*TASK STATEMENT:*
Restate word for word the lines from the one bearing "- 냉장/냉동칸 구조: 상냉장 하냉동" through the end of the entries below, and leave every picture out.
════════════════
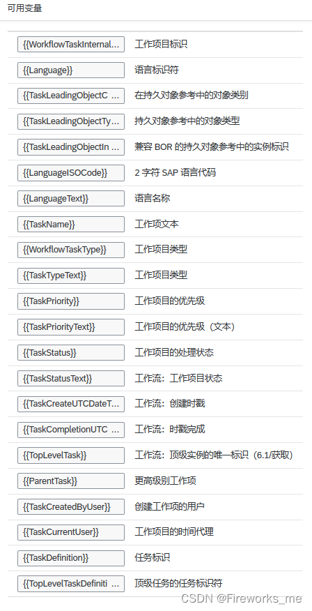 {{TaskLeadingObjectInstance}} 邮件内容中预定义变量--工作流实例ID,即流程关联业务单据主键,在邮件模版中使用可替换变量如&&LIFNR&&,此处取得对应数据后替换。
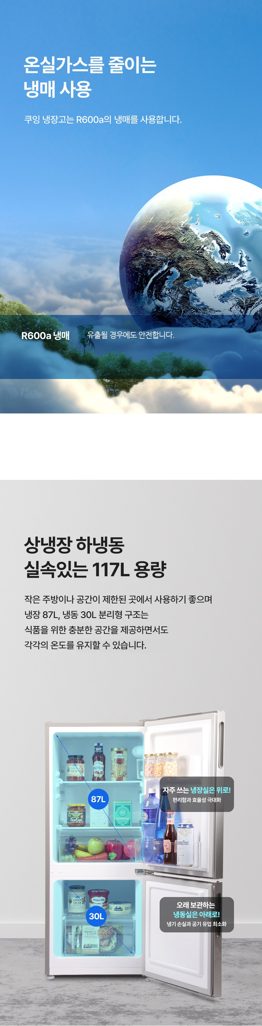 - 냉장/냉동칸 구조: 상냉장 하냉동
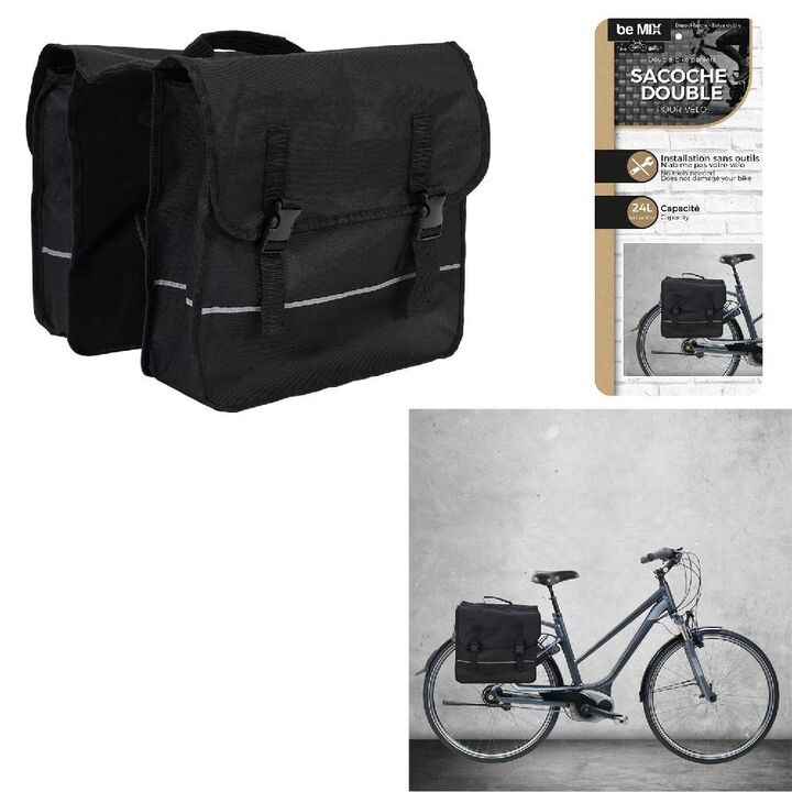 Alforjas Dobles Para Bicicleta 24 Lts Be Mix VL0021 Caracteristicas: ¿Necesitas más espacio para llevar tus cosas? Esta bolsa doble de aspecto deportivo se adapta al portapaquete trasero de tu bicicleta. - Capacidad: 24L - Dimensiones: 30x12x34 Cm - Color: Negro Garantia: 12 Meses La presente public...
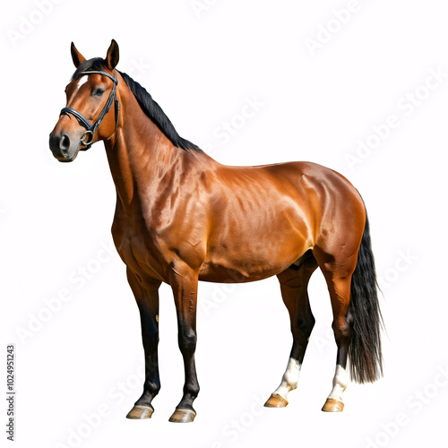 brown horse standing isolated on white background
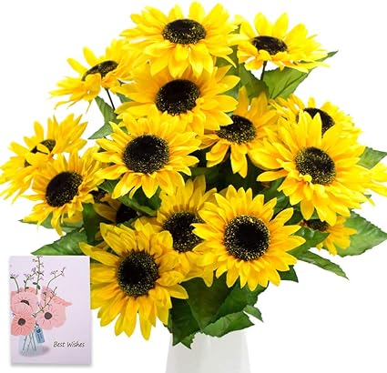 Snailgarden 2 Mazzi Di Girasoli Artificiali Girasole Realistico In Seta Mazzo Di Fiori Finti Con Biglietto Di Auguri Per Regalo Di Disposizione Della Tavola Dell Ufficio Domestico Amazon It Casa E Cucina
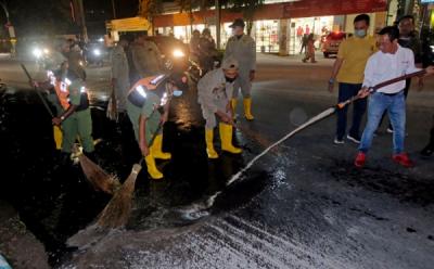Petugas Bersihkan Abu Vulkanik Merapi di Jalanan Pusat Kota Magelang
════════════════
*RESPONSE TO THE TASK:*
 - 냉장/냉동칸 구조: 상냉장 하냉동
 Alforjas Dobles Para Bicicleta 24 Lts Be Mix VL0021 Caracteristicas: ¿Necesitas más espacio para llevar tus cosas? Esta bolsa doble de aspecto deportivo se adapta al portapaquete trasero de tu bicicleta. - Capacidad: 24L - Dimensiones: 30x12x34 Cm - Color: Negro Garantia: 12 Meses La presente public...
 brown horse standing isolated on white background
 Snailgarden 2 Mazzi Di Girasoli Artificiali Girasole Realistico In Seta Mazzo Di Fiori Finti Con Biglietto Di Auguri Per Regalo Di Disposizione Della Tavola Dell Ufficio Domestico Amazon It Casa E Cucina
Petugas Bersihkan Abu Vulkanik Merapi di Jalanan Pusat Kota Magelang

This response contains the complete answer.